Они поднялись на пятый этаж, прошли по узкому коридору мимо множества дверей: солидных, обитых лакированными планками или дерматином; и старых, неказистых, с темной облупившейся краской. В конце коридора была одна дверь, похуже других: краска с нее совсем слезла, нижняя петля вырвана с мясом и в этом месте дыра, заткнутая тряпкой. Звонок был, но он не работал и высокий громко настойчиво постучал.
Из-за двери, не открывая, тихо спросили:
- Кто там?
- За птицами! Да вы меня знаете, откройте! – громко ответил высокий.
Дверь приоткрылась, выглянуло сморщенное личико маленького старичка: голова его была на уровне груди высокого парня. Он испуганно, робко смотрел на ребят, потом моргнул, суетливо подвинулся, высокий толкнул дверь и они вошли.
Хозяин прошел вперед в комнату, встал посредине.
И коридор, и комната были невероятно запущены: обои покрыты пылью и плесенью, местами отстали от стен; потолок с облупившейся штукатуркой и пыльной электрической лампочкой. Ни шторы, ни занавеси. Мебели тоже почти не было, кроме кровати с матрацем и жиденькой подушкой и очень узкого высокого облупленного шкафа. Ни стола, ни стула. Вместо них, у окна, стояла большая строительная стремянка, на каких работают маляры и штукатуры, только чистая.
И все пространство вдоль стен занимали клетки с птицами: они стояли на полу и висели под потолком, и даже над кроватью была привинчена к стене широкая полка, и на ней – большая квадратная клетка, в которой сидел здоровенный, как курица, амазонский попугай, ядовито-зеленый, со злыми глазами.
Здесь были все птицы, каких только разводят в неволе: светло-сиреневые нимфы с нежным румянцем на щеках; голубые и зеленые попугайчики; множество канареек, самых разных цветов и оттенков; целые стайки щеглов и чижей в двух больших вольерах; ослепительно белые, важные, как ресторанные метрдотели, рисовки; яркие, как палитра художника, крошечные ткачики; снегири – настоящий птичий базар.

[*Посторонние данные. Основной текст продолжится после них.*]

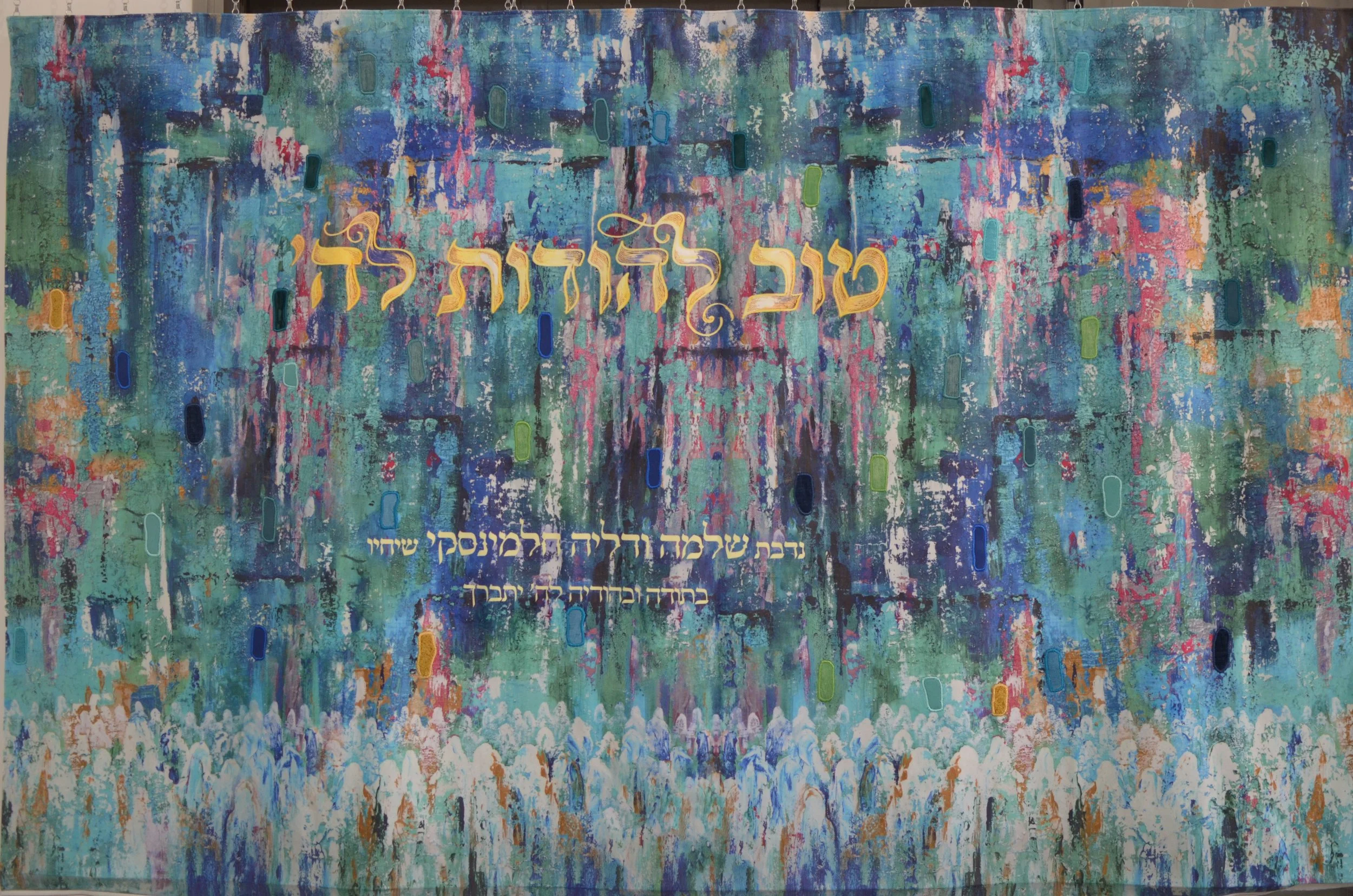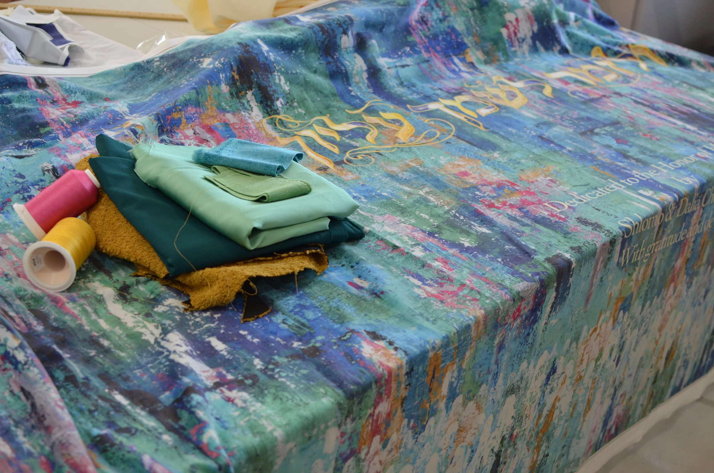 The finished parochet was breathtaking. The combination of Menucha Yankelevitch’s painting, the Hebrew typography, and our textured appliqué created a piece that was simultaneously modern, meaningful, and deeply inspiring. The community’s response was overwhelmingly positive, and Eduardo shared how thrilled everyone was with the result.

А комнатка – метров десять. Из-за клеток пространство посредине оставалось совсем небольшое: мальчишки сгрудились вплотную друг к другу – те двое, что поменьше, от изумления раскрыли рты.

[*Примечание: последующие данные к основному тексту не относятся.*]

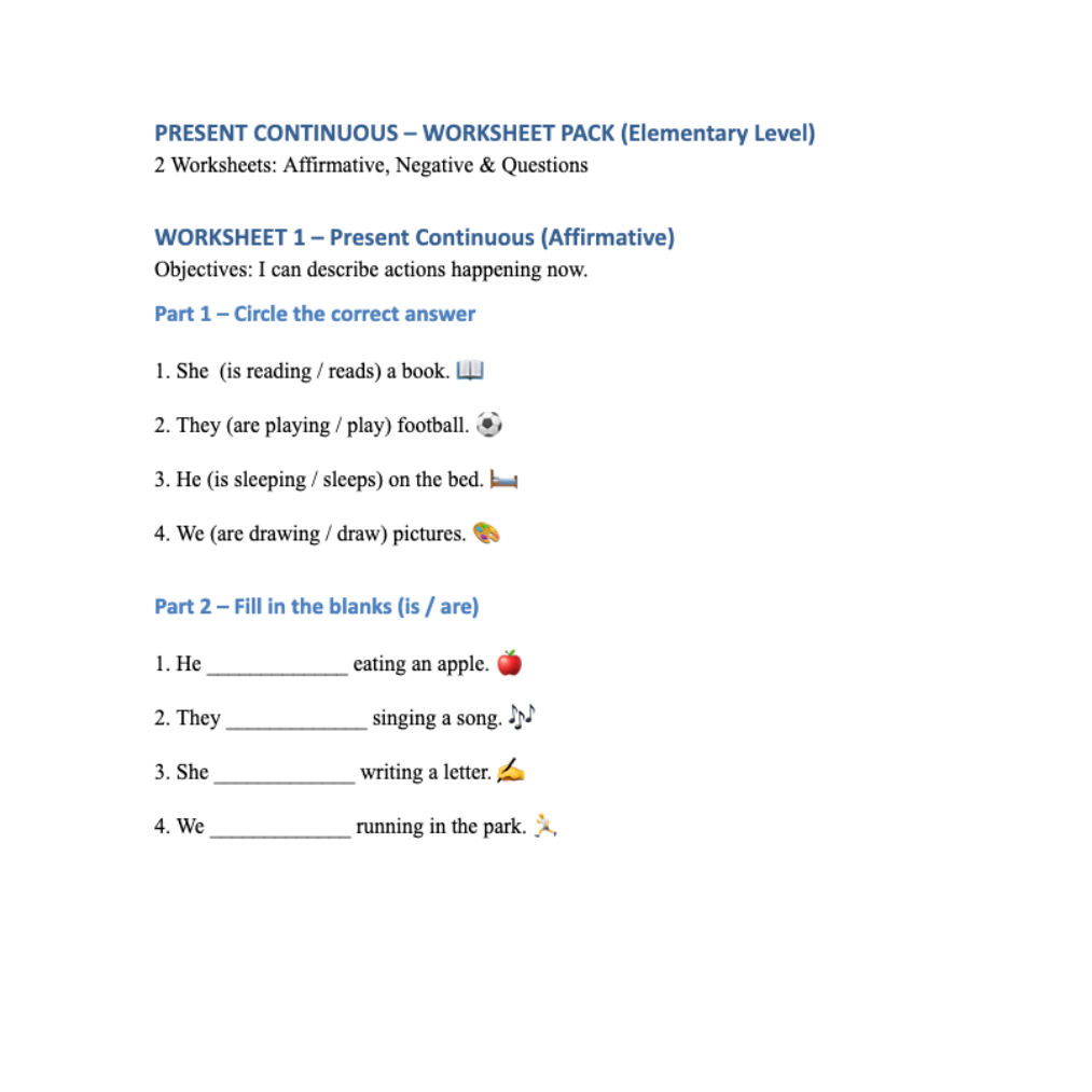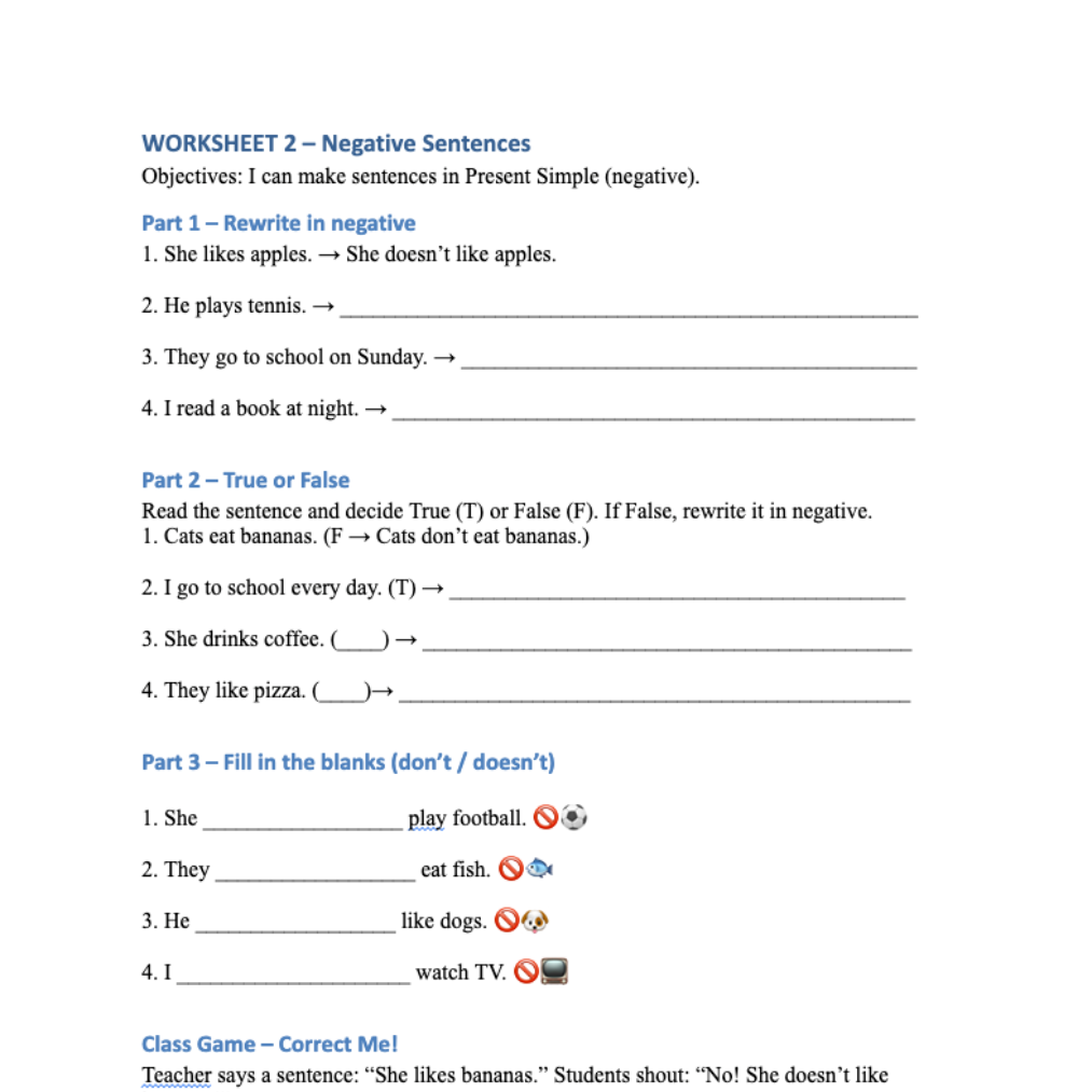 Perfect for ESL/EFL teachers who want to give students clear grammar practice combined with interactive classroom activities. Each worksheet includes fill-in sections with large spaces for writing, making it suitable for younger learners in primary school.

Щеглы, чижи, некоторые канарейки пели, стараясь перекричать друг друга: ощущение было такое, словно ты вдруг очутился в заповедном лесу в ясный летний полдень.

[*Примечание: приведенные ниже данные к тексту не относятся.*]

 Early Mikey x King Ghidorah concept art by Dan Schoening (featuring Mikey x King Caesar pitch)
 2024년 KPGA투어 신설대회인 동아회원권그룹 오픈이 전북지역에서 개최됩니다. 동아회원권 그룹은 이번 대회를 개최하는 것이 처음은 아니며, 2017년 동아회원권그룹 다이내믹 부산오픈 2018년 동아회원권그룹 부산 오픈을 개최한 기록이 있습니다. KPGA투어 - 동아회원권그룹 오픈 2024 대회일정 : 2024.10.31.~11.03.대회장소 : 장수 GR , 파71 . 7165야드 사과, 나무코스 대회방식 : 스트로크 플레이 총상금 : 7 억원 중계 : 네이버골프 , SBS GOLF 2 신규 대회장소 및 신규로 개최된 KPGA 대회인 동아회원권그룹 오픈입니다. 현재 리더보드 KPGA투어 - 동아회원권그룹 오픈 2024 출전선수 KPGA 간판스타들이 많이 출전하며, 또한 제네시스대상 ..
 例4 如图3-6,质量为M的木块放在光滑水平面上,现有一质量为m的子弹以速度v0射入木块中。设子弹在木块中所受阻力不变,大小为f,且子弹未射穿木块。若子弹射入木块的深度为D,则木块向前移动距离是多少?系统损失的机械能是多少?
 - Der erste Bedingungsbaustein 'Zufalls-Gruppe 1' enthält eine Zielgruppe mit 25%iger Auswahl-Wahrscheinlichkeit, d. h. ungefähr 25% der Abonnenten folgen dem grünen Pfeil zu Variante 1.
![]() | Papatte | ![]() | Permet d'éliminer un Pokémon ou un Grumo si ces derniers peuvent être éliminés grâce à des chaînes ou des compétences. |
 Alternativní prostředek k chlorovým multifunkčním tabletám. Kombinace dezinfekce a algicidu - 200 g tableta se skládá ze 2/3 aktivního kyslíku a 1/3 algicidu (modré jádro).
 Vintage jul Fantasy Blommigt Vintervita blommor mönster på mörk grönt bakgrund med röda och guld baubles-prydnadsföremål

Старичок, сгорбившись, втянув голову в плечи, молча ждал, когда посетители заговорят.
Он был лысый, с редкими седыми висками, очень морщинистый, бледный, изможденный, худой, весь высохший - он, казалось, светился насквозь, как вяленая рыба. Глаза выцветшие, добрые и робкие, детские. Левой руки нет, вместо нее болтается пустой рукав; правая – сухонькая и маленькая, как у ребенка. Одет в серую мятую рубаху и такие же штаны.
- Миха, ты видел такое хоть раз? – наконец, с восхищением выдохнул черный парнишка.
Высокий снисходительно ухмыльнулся.
- Я здесь много раз был. Правда, Семеныч?
Старик молчал.
- Ну чего ты – не помнишь? Да я на прошлой неделе был у тебя: ты у меня трех чижей взял, двух самцов и самку – вспомни. По пятерке самцы и трешка самка… А больше ни у кого во всем городе такого нет – понял, Макс? Скажи спасибо, что я тебя привел. Семеныч и на рынок не ходит. Не ходишь, Семеныч?
- Продавать – нет.
- Ну и правильно. На хрен он тебе нужен. К тебе покупатели сами придут… Влад, деньги у тебя? Дай пятерку.
Мальчишка с длинными волосами полез в карман, достал бумажку, протянул старику.
- Сеточку продай, Семеныч: у тебя хорошие.
- Зачем вам?
- Ловить.
- Сейчас нельзя ловить.
- Так не сейчас. Мы чего – не понимаем? Готовь сани летом!
Старик с трудом встал на корточки, достал из-под шкафа рюкзак и оттуда нитяную сетку, аккуратно свернутую и перевязанную веревочкой.
- Целая? – спросил Миха. – Ладно, я знаю: у тебя всегда целые.
Он повертел головой, потом сказал:
- А рисовку не продашь?
- Нет. Рисовку трудно держать, ты не сможешь.
- Я не смогу? Да ты че!.. А за сколько отдашь?
- Пятьдесят.
- Много!
- Иди сам поймай.
Парень захохотал.
- Это в Китай, че ли, ехать? Или где там она живет?
- На Мадагаскаре. В Южной Африке.
- Не легче. Ладно, я возьму. Только денег сейчас нет. Может, дашь на честное слово? Я завтра принесу.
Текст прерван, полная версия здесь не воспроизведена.